Specifically, it found that prices offered by newly built wind projects average around 2 cents per kilowatt-hour (kWh). It found that lower installed project costs, along with improvements in capacity factors, are enabling aggressive wind power pricing. After hitting 7 cents per kWh in 2009, the average price has dropped to around 2 cents per kWh. Lower wind turbine equipment prices are also pushing down overall prices.

“Wind energy prices ¬– ¬particularly in the central United States, and supported by federal tax incentives – remain at all-time lows, with utilities and corporate buyers selecting wind as a low-cost option,” Berkeley Lab Senior Scientist Ryan Wiser of the Electricity Markets & Policy Group said.

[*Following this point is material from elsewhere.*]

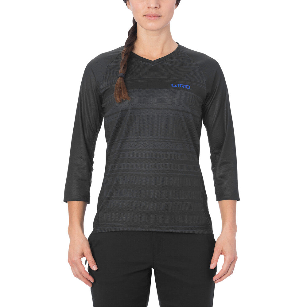 THE WOMEN'S ROUST 3/4 JERSEY FEATURES LONGER SLEEVES FOR THOSE DAYS WHEN YOU PREFER A BIT OF EXTRA COVERAGE, AND THEY'RE DESIGNED FOR COMPATIBILITY WITH PADS. The polyester fabrication has wicking properties to keep your skin dry and cool, and an interior lens wipe allows you to quickly clean your goggles or glasses. The loose, relaxed fit is stylish and comfortable, and the bold colors and graphics match your go-big style out on the trail.

The report, called the U.S. Department of Energy’s Wind Technologies Market Report, also found that wind power capacity additions equaled 7,017 megawatts (MW) in 2017. Overall, it constituted 25 percent of all U.S. generation capacity additions in 2017. Further, roughly $11 billion was invested in new wind plants.

Wind energy contributed 6.3 percent of the nation’s electricity supply. Additionally, it represented more than 10 percent of total electricity generation in 14 states, and more than 30 percent in four states – Iowa, Kansas, Oklahoma, and South Dakota.

Also, the report revealed that employment in the wind sector reached a high of 105,500 full-time workers at the end of 2017.

The three largest turbine suppliers in the United States – Vestas, General Electric Co., and Siemens Gamesa – has one or more domestic manufacturing facilities in operation.